I looked like that, I guess, though I never really felt like part of the tribe. Maybe it was my age, the timing of being at the tail end of the baby boom. I remember going to see Hair at the Curran Theater in San Francisco in 1969 with other members of my high school drama club. Before the show I ducked into a head shop at the foot of Haight Street with Nancy Lardner. We were admiring the drug paraphernalia beneath the counter when she became aware of the weekend hippie ogling her in the doorway. 

“Far out,” said the guy. He wore a turtle neck and a pendant and had his two extra inches of hair combed down over his forehead. “I can dig it.” He was practically licking his lips looking at Nancy. 

“That guy is giving me the creeps,” she said as we left, and if we had ventured up into the Haight-Ashbury we would have seen more signs of the dying scene: hard drugs were replacing the free acid, teenage runaways were the prey of chicken hawks. 

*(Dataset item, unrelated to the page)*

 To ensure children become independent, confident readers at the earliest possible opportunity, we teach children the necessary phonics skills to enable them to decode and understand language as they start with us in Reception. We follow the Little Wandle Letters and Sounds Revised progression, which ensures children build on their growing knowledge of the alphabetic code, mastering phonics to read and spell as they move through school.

Some of us already thought the musical was kind of square then, with the cardboard cutouts of parents the kids used for target practice and the kind of boring trip scene that makes up most of the second act. But then, as now, there were moments like sparks, especially the finale when the doomed Claude, headed for Vietnam, sings the opening lines of the big finale, “The Flesh Failures (Let the Sunshine In).” It’s chilling still and the revival manages to cut through ages of irony and get back to the heart of youth’s eternal questioning. 

I was struck by another irony: my parents willing sacrifice to a greater cause, a just war, and our generation’s sense of being sacrificed for an unjust war. But there wasn’t time to explain that to my kids. My son left at intermission to go to a party, and my daughter fell asleep. Outside the theater they were selling official Hair bandanas, fifteen bucks a pop. You could use one to wipe your eyes.

Be here later

My son and I went to MOMA yesterday to take in Monet’s Water Lilies, or dive in I should say. The 40-foot wide triptych (which I vividly recalled from the last time they did this show) is the kind of canvas you can disappear into and many of the museum’s members seated before it appeared to be quite lost. 

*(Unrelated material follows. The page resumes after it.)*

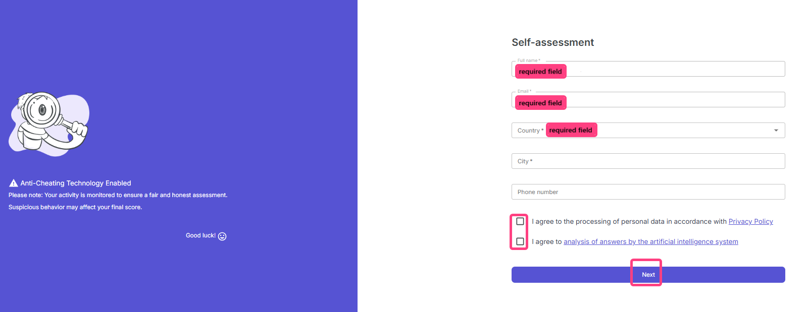 - Enter your details. On the page that opens, fill in your full name, email address for receiving the results, and phone number. Review the consent options and tick the boxes to agree to personal data processing and AI-based answer analysis. Then click Next.

We then took a stroll though some of MOMA’s permanent collection, and hence a history of modern art (Pollock, Rothko, Rauschenberg, Warhol) — sort of a downward arc for me. By the time we got to the seventies I found myself thinking of food, and I’m happy to report that the cafe on the second floor (thanks to Danny Meyer) has the best grub of any museum I’ve ever visited. The absence of surly servers was disorienting, though. 

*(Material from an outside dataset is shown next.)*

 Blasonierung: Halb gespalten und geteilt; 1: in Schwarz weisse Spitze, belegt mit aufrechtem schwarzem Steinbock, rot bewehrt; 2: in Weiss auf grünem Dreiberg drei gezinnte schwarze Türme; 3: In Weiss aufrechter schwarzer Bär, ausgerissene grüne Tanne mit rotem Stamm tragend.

Even more discombobulating was the way a number of visitors now experience museums: through their iPhones. My son was taking pictures of different paintings that struck his fancy (one of Jasper John’s flags, Picasso’s Charnel House) but soon I realized half the people there were doing the same thing — and quickly. Stop, point, click, move on. And a number of them took pictures of the wall text too, the better to later read up on what they couldn’t stop to savor.

Huh? To me the great joy of going to look at paintings lies in just that. It’s one thing to read about Pollock, or see a movie about him, and something else altogether to stand before one of those massive drip paintings and get some sense of the action and emotion that went into making them. if you want little images of art you can find them online, better than anything you can capture with your phone. For a lot of people it seems to be a way of charting their existence, a sort of Kilroy-was-here approach to art and life. Maybe they’re making some sort of statement, like Banksy — some sort of massive prank, a work of art in itself. The upside is that it leaves me more time to linger.